[Data extracted from a collection]
--- --- ---
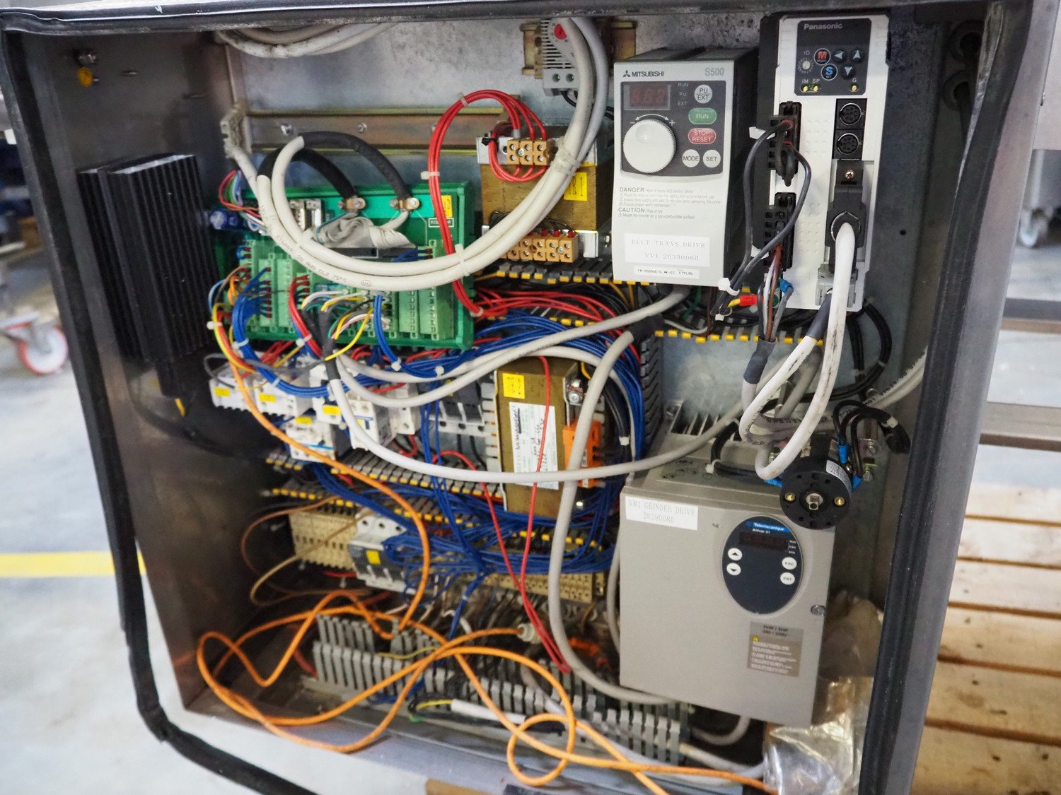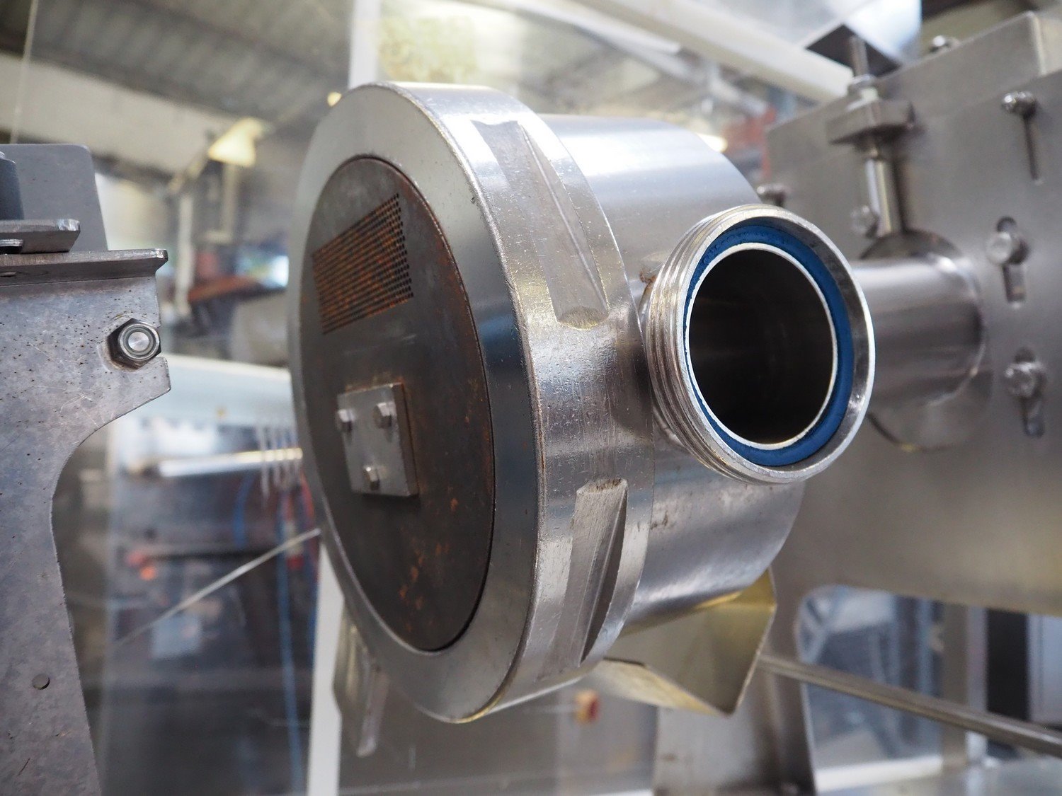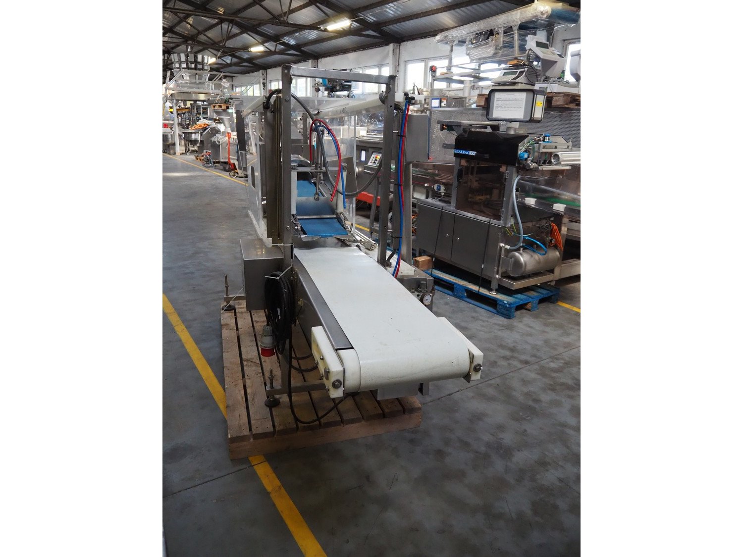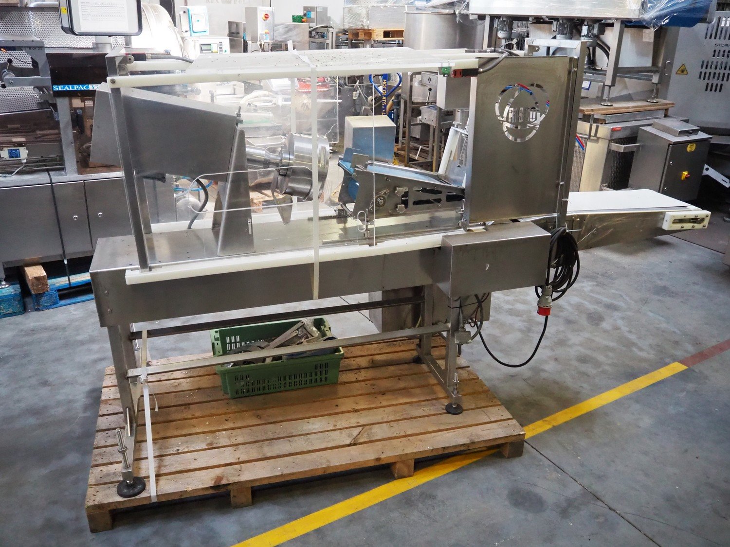 Risco S.p.A. portioning machine for minced meat, model: RS 912, serial number: P309002, year of construction: 2009, 400 V, 3 Ph, 50 Hz, 4.0 kW, weight: 610 kg, plastic belt, belt width: 185 mm and 300 mm, total dimensions: 2700 mm x 800 mm x 1700 mm.
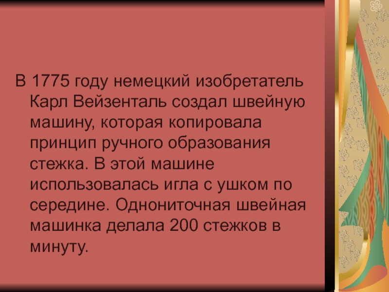 Слайд 4В 1775 году немецкий изобретатель Карл Вейзенталь создал швейную машину, которая
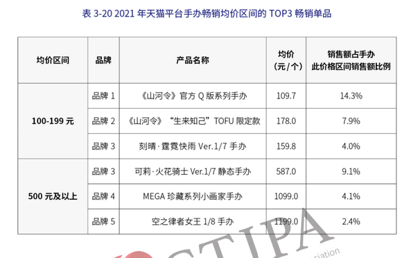在销售额占比较高的500元及以上、100-199元价位,畅销单品以游戏及动漫周边手办为主。
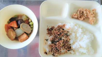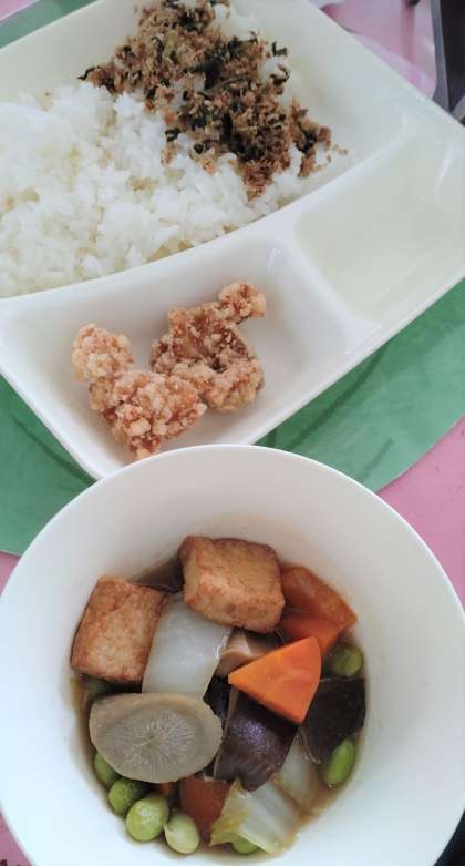 今日の給食は、鶏肉のたつたあげ、あつあげと野菜の煮もの、おかかなっ葉、ごはん、牛乳です。
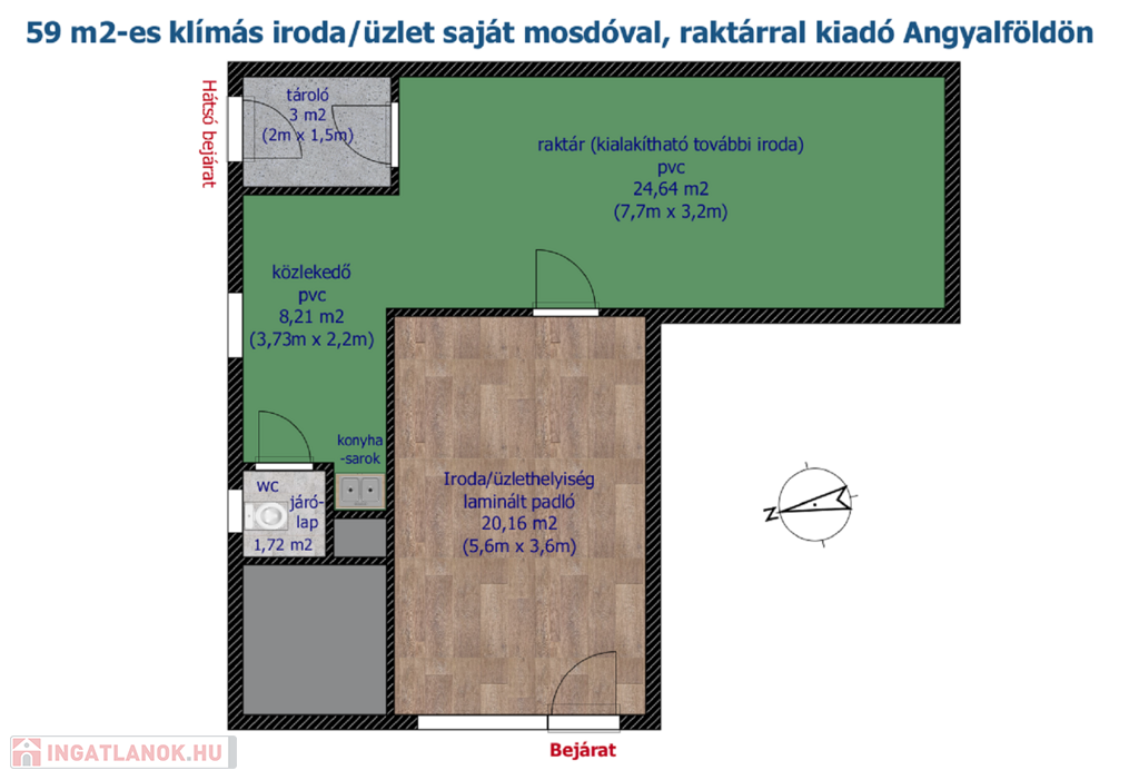 Ez a földszintes, tégla építésű ingatlan rendelkezik egy közvetlen bejáratú, 20 m2-es, laminált padlós, világos, ügyfélfogadásra is alkalmas, klimatizált üzlethelyiséggel, melyhez csatlakozik egy pvc burkolatos, közel 25 m2-es, akár további irodai vagy üzlettérré alakítható raktárhelyiség. A raktárhelyiség – az alaprajzon látható módon – megközelíthető egy hátsó bejáraton és egy 3 m2-es, további tároló helyiségen keresztül is.
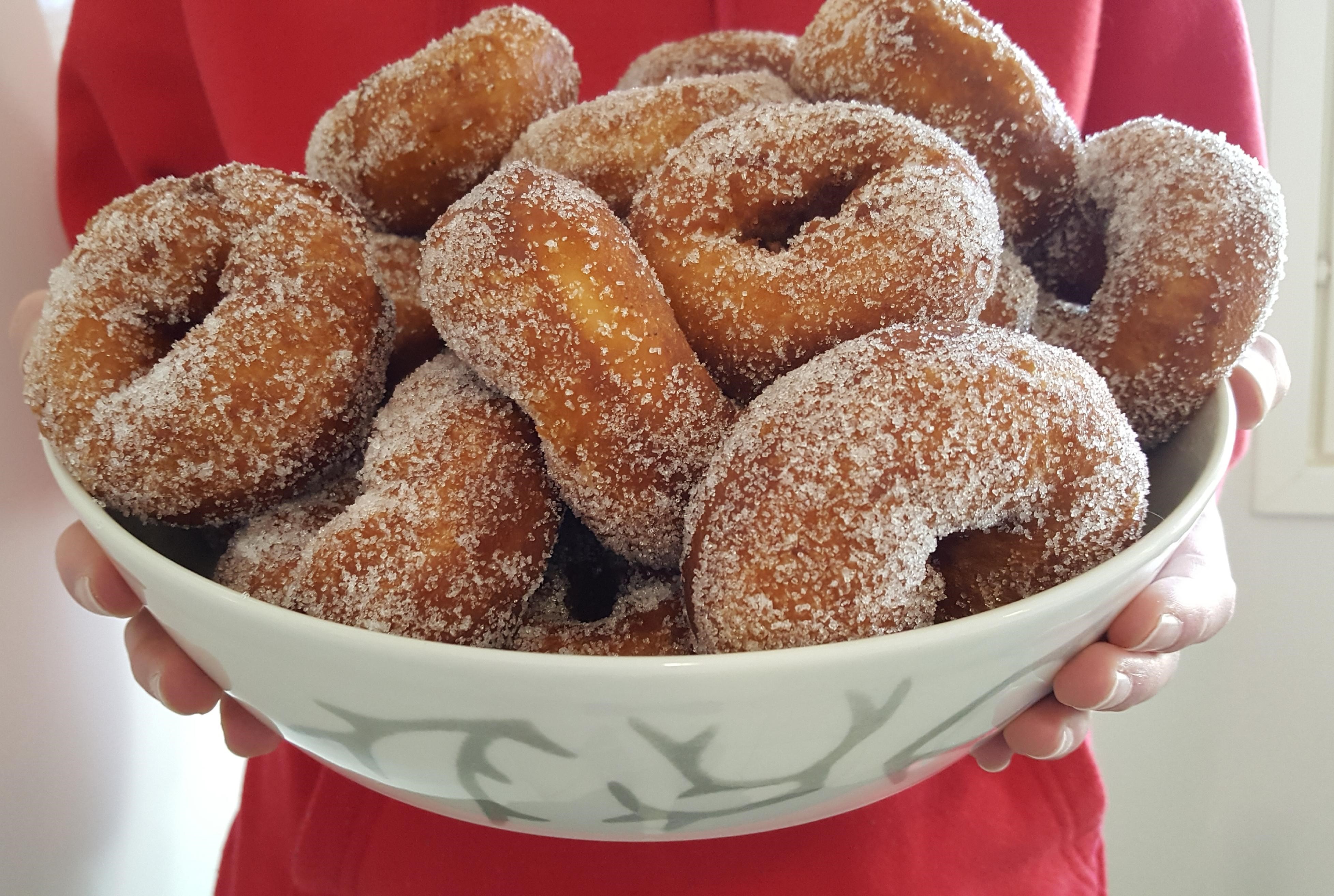 8.Pyöritä munkit lämpiminä sokerissa lautasella tai paperipussissa.
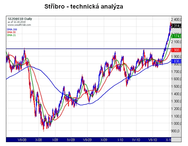 Cena stříbra se nachází v extrémně silném růstovém trendu, což ukazují všechny tři klouzavé průměry - krátkodobý 21denní (zelená křivka), střednědobý 55denní (červená křivka) i dlouhodobý 200denní (modrá křivka). Na počátku září byla proražena důležitá rezistence na 20 dolarech.
--- --- ---
**What is expected**
Retype each entry precisely. Skip images entirely.

**Answer to this problem**
 Risco S.p.A. portioning machine for minced meat, model: RS 912, serial number: P309002, year of construction: 2009, 400 V, 3 Ph, 50 Hz, 4.0 kW, weight: 610 kg, plastic belt, belt width: 185 mm and 300 mm, total dimensions: 2700 mm x 800 mm x 1700 mm.
 Слайд 4В 1775 году немецкий изобретатель Карл Вейзенталь создал швейную машину, которая
在销售额占比较高的500元及以上、100-199元价位,畅销单品以游戏及动漫周边手办为主。
 今日の給食は、鶏肉のたつたあげ、あつあげと野菜の煮もの、おかかなっ葉、ごはん、牛乳です。
 Ez a földszintes, tégla építésű ingatlan rendelkezik egy közvetlen bejáratú, 20 m2-es, laminált padlós, világos, ügyfélfogadásra is alkalmas, klimatizált üzlethelyiséggel, melyhez csatlakozik egy pvc burkolatos, közel 25 m2-es, akár további irodai vagy üzlettérré alakítható raktárhelyiség. A raktárhelyiség – az alaprajzon látható módon – megközelíthető egy hátsó bejáraton és egy 3 m2-es, további tároló helyiségen keresztül is.
 8.Pyöritä munkit lämpiminä sokerissa lautasella tai paperipussissa.
 Cena stříbra se nachází v extrémně silném růstovém trendu, což ukazují všechny tři klouzavé průměry - krátkodobý 21denní (zelená křivka), střednědobý 55denní (červená křivka) i dlouhodobý 200denní (modrá křivka). Na počátku září byla proražena důležitá rezistence na 20 dolarech.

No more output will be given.